Other risks fall at the interface between economic and non-economic. One is substantial damage to global economic relations as the friction between China and the West continues to worsen, as now seems likely.

Then there is the longer-term danger of destabilising climate change. While awareness of the threat is growing, action is still well behind what is needed to avoid potentially catastrophic shifts in the climate. The recent COP26 climate conference in Glasgow was not a total failure. But it was also far from a success. If Donald Trump or someone like him becomes the next US president, the chances of dealing successfully with this threat would become vanishingly small.

The big lesson we have learned over the past one and a half decades is just how uncertain the world economy is. We can recognise a few predictable forces: the inbuilt tendency of market-driven economies to grow, the continuation of scientific and technological advances, and the demographic forces of fertility and ageing. But there are also unpredictable drivers of disorder: financial crises, political upheavals, geopolitical stresses, pandemics and, in the background, climate change.

Covid-19 has reminded us forcefully of such uncertainties. It has also brought with it some powerful lessons. Among these, two stand out.

The first is that, in the context of such pervasive uncertainty, it is vital for our systems to be robust, or resilient, or a bit of both.

Robust systems can function throughout shocks, while resilient ones return swiftly to normal functioning after such shocks. Which one we need depends on how vital continued operation is. In general, systems that supply vital goods and services, such as basic foodstuffs, medical supplies, energy or day-to-day financial services, need to be robust. But users of many other goods and services can cope with some disruption. In that case, it is resilience that matters.

Both businesses and policymakers need to decide where they need robustness and where they need resilience — and how much they are prepared to pay for either and in what way. But they should also avoid the obviously mistaken view that “local” is a synonym for “robust” or “resilient”. Putting all one’s eggs in the basket named “local” guarantees neither robustness nor resilience.

The second and far more important lesson is that the contradiction between the species we are and the world we have created is becoming ever more dangerous. Although an intensely tribal species, we have created a global world.

Chart showing low-income countries lagging behind in vaccinations

Covid has been a global shock par excellence.
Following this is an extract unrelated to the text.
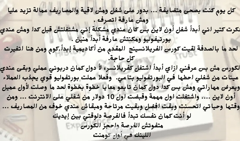 كتبت محتوى تسويقي بطريقة (storytelling) للترويج لكورس فريلانسينج. اعتمدت على تقديم تجربة شبيهة بالواقع لشخص بدأ رحلته في العمل الحر وكيف تغلب على التحديات في البداية. المحتوى يبرز قيمة ومميزات الكورس بطريقة جذابة مع تشجيع الجمهور المستهدف على اتخاذ خطوة للاشتراك في الكورس.

Yet it has proved impossible to mount a coherent global response, above all in the supply and delivery of vaccines. Such tribalism has ended up increasing the vulnerability of everybody. Similarly, geopolitics is pulling the world apart, even though it is more integrated than ever before on multiple dimensions, not least economic ones.

This contradiction between who we are and what we have built is the dominant one of our era. These stresses may not shake the foundations of our world in any given year. But they create background risks that should not be ignored.